The UN World Food Programme (WFP) warned that persistent funding shortfalls have sharply reduced supplies of specialized nutritious foods such as ready-to-use therapeutic food (RUTF) and micronutrient supplements that are crucial for treating acutely malnourished pregnant and breastfeeding women as well as young children. Without these supplies, millions risk irreversible health damage or death.

“We are being forced to make impossible choices,” said a WFP spokesperson. “Either we treat a child for severe malnutrition, or we provide a family with basic bread. Right now, we cannot afford to do both for everyone who needs it.”

Recent data from the Integrated Food Security Phase Classification (IPC) indicates that more than 15 million Afghans roughly one-third of the population are facing acute food insecurity, with over 2 million already in emergency levels (IPC Phase 4). Women-headed households, families with disabled members, and those in remote rural areas remain disproportionately affected. The WFP has noted that without an immediate infusion of funding, school feeding programs and maternal nutrition support could face further cuts by late 2026.

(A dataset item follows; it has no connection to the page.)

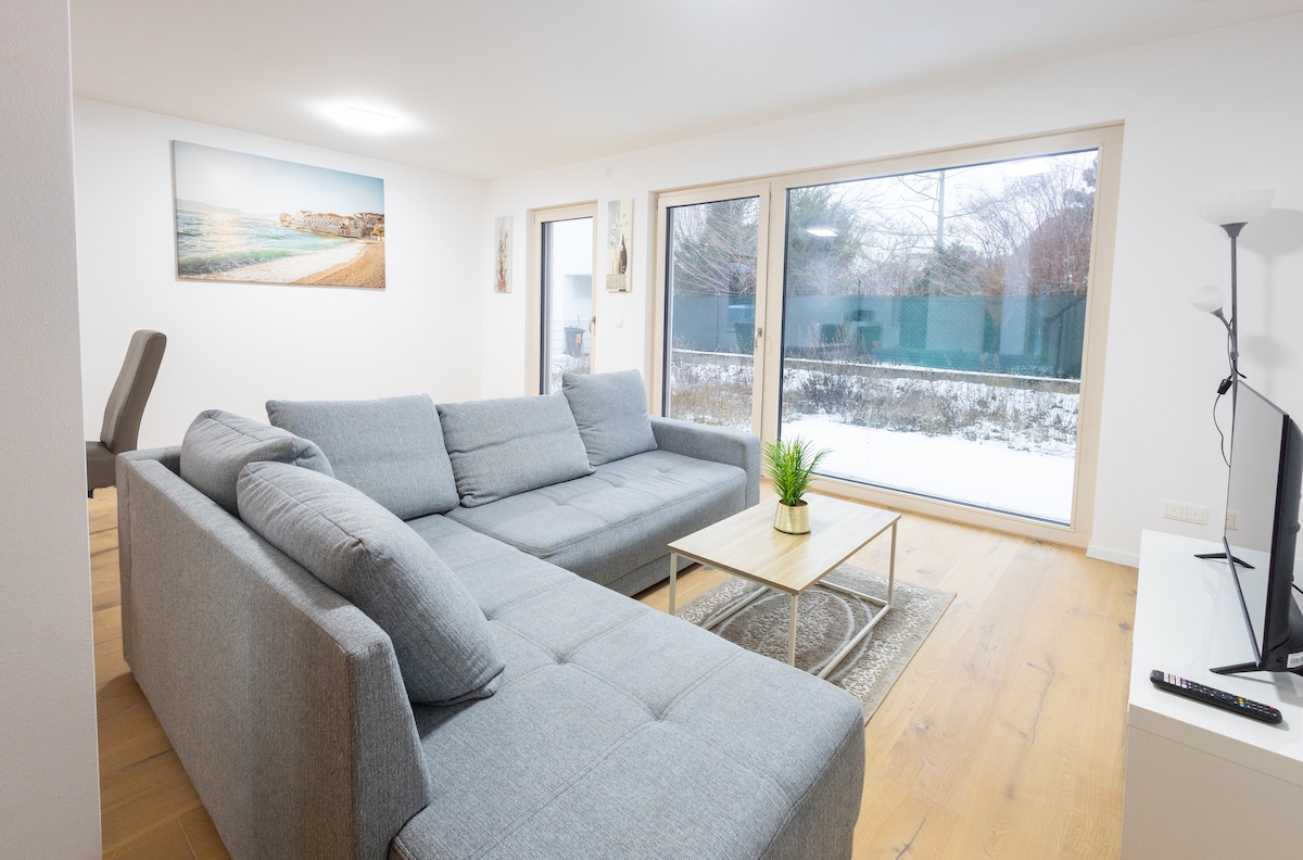 Welcome to "Green Hideaway Vienna," your stylish retreat in Vienna Floridsdorf. This accommodation hosts up to 5 guests and features a modern sauna, outdoor whirlpool, free parking, and high-speed internet. Located just a 20-minute drive from Vienna’s city center, it offers comforts like a spacious bathtub. Perfect for business trips, romantic getaways, or family vacations, this space seamlessly combines tranquility, functionality, and relaxation.

Humanitarian organizations are now calling for sustained, flexible international support to prevent the situation from descending into outright famine. They stress that while political engagement with Afghanistan’s de facto authorities remains complex, cutting off life-saving aid would disproportionately punish the country’s most innocent and vulnerable civilians its women and children.

“The world cannot look away,” Raqiba added quietly. “We are not asking for much just enough to keep our children alive.”